U-Carmen, however, is a real home-grown success story. It started out as a stage show produced by Dimpho Di Kopane, the theatre company set up by Dornford-May and Charles Hazlewood in Cape Town in 2000. The play had sell-out runs in London and New York. Carmen is played by Pauline Malefane; she also co-wrote and translated the screenplay. Some 85 per cent of the crew were non-white. But it is in roles that require experience as well as talent that the skills gap is most glaring - it'll take time for black cinematographers to rise through the ranks, and, says Krouse, "script-writing is an enormous problem in a country that's been basically illiterate for a long time".

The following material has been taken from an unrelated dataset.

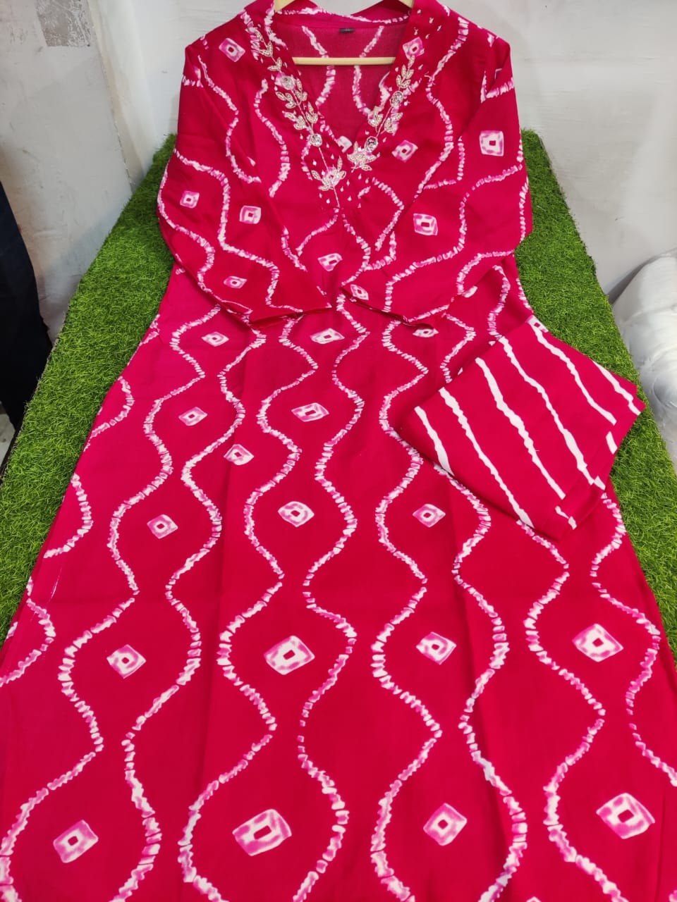 Explore a romantic romance with this magical Kurti Set for the upcoming celebrations: made from Soft Rayon, embellished with a lovely Bandhej print and detailed sequin work on the neckline, and showcasing a fresh design, it's the perfect choice for this festive season. Flaunt your fashion sense with this unique kurta set.

And directing, too. Thabang Moleya, 23, likens the kind of film he wants to make to City of God, the Brazilian feature that was internationally successful and true to its origins. Moleya liked Tsotsi. "I thought it was really well done. You could feel the guy's pain. Everything used to concentrate on apartheid. When people go to the cinema for a night out, they don't want a finger pointed at them saying - 'You! My life is all your fault.' We need to do genre films - horror, comedies. Less drama that reminds us of the pain we went through."
Predictably, the most marginalised voice in South Africa is that of black women. Despite forward-thinking anti-discrimination laws, South Africa remains a sexist country. "They still look at a woman and think, 'failure'," says Bambalele. When Pillay's debut film, 34 South, was released last year, she was hailed as the country's first black female director. "There are very few of us around," she says. "There are a gazillion women running around on film sets, but they're in the wardrobe and art departments, not in the director's spot." She hopes digital film-making will bring down the cost sufficiently to let in more voices.
Apart from that, she says, the priority for South African film-makers is to lighten up a bit. "We need to learn to laugh at ourselves more." And she bursts out laughing.